Reflecting on talinhaga or metaphors, imageries and signs is not simply a process of thinking but a part of a whole lifestyle anchored in prayer and devotion. This is true not only for the Filipino revolutionaries who appeared to be fanatics to the Spanish and American forces because they attacked the gun-men of their colonizers with nothing but blow-pipes, arrows and bolos.
The invaders did not know that the final actions of these Filipinos were, as described by historian Reynaldo Ileto in his classic book Pasyon and Revolution: “…the total orientation of one’s being toward an order of reality in which the disruption of one’s ‘normal’ role in society, including death itself, was a distinct possibility. It was a conscious act of realizing certain possibilities of existence... through reflection upon certain mysteries and signs.”
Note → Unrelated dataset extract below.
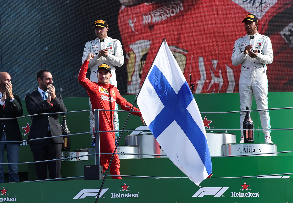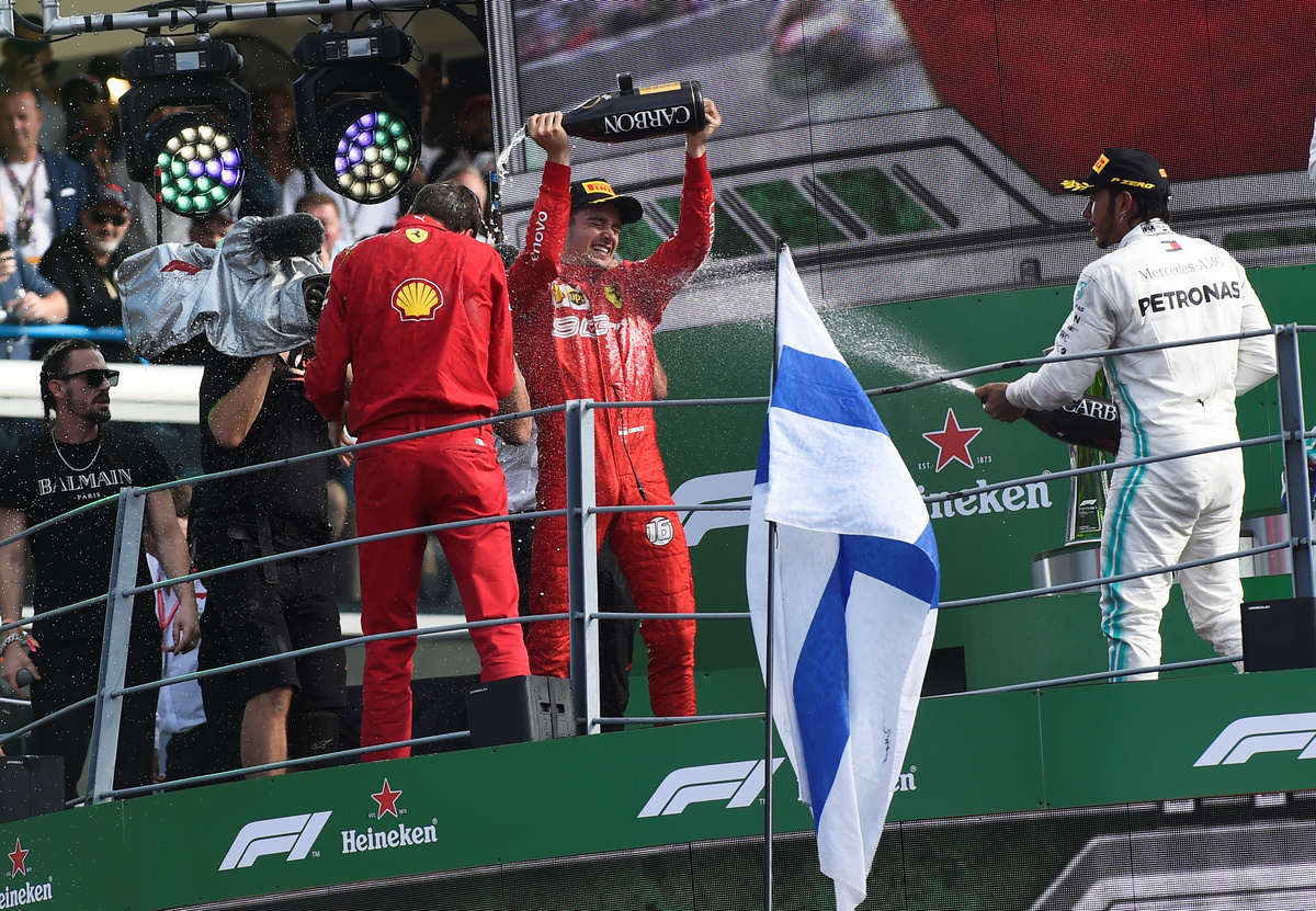 "This is your win," he was told over the radio but a mistake three laps from the end primed the Ferrari 'tifosi' for the party as Leclerc took the chequered flag first for the second time in eight days.

Through pakiramdam or shared inner perception, the Filipino bayani picked up signs and cues— not only from the text of the Pasyon, which they recited collectively, but also from nature and from each other.
Even today, these signs are all around us, but it takes a certain kind of openness and sensitivity to recognize them and respond to them.
Understanding talinhaga has a lot to do with listening to the environment. Words are still relatively young on this planet, where language had split man from Mother Earth. But the environment talks in many different ways like colors, sounds, movements, or spontaneous events and others.
The lumads and the culture-bearing artists sure know how to read signs from the environment. From this practice, they build their sampalataya, a strong belief and personal conviction, which (according to Reynaldo Ileto) is often spiritual in nature. A person acting on sampalataya does not consult the intellect, but is driven by deep or tacit feelings.
It is their duty of the culture bearers to interpret to us through their art what the environment says.